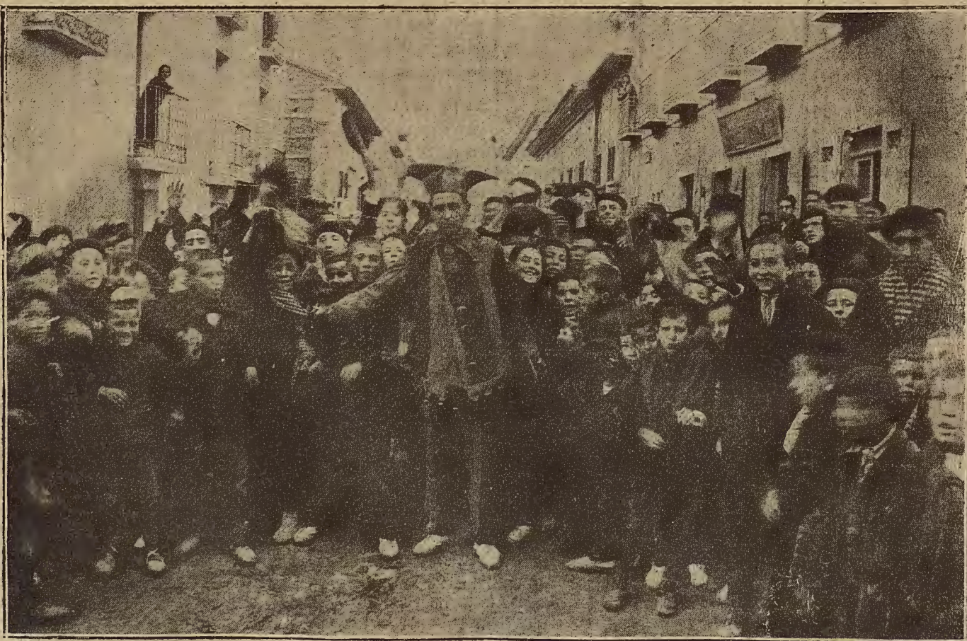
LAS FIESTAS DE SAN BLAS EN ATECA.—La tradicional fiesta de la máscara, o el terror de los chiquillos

___

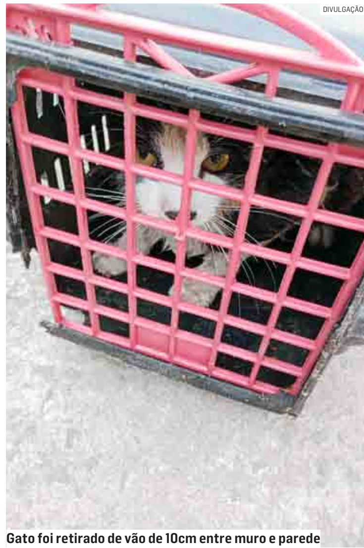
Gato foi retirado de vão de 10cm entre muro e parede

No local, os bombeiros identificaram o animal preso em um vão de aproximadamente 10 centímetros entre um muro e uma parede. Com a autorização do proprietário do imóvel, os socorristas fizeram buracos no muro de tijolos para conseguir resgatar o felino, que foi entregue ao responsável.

___

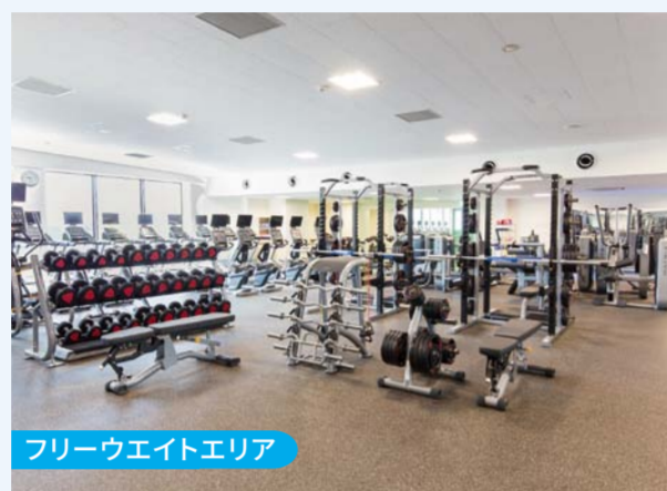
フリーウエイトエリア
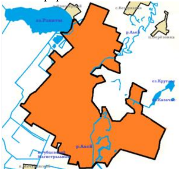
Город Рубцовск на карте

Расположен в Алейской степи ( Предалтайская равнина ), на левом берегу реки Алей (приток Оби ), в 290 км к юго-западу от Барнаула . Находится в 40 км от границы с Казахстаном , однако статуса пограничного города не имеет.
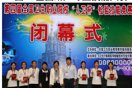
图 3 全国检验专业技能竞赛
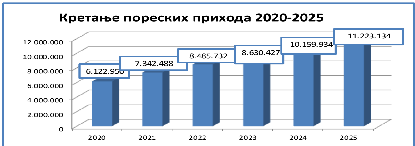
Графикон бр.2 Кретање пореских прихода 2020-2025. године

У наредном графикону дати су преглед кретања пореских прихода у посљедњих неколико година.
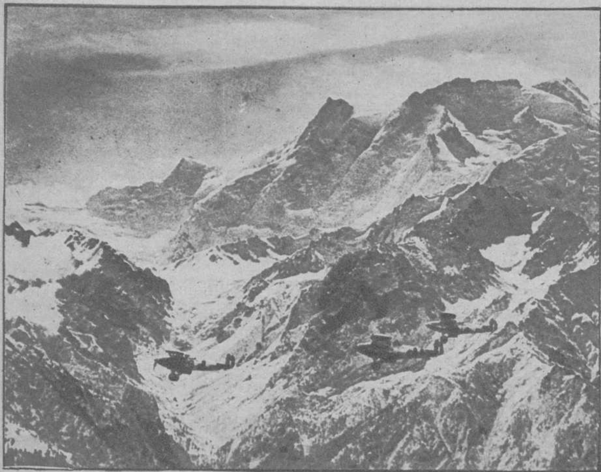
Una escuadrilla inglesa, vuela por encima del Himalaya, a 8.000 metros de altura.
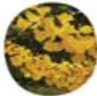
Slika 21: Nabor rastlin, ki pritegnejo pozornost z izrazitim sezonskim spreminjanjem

___

## [ASSIGNMENT]
Whenever the string "пореских" turns up in a line of the material, that line counts; say how many such lines there are, giving the number only.

## [TASK SOLUTION]
2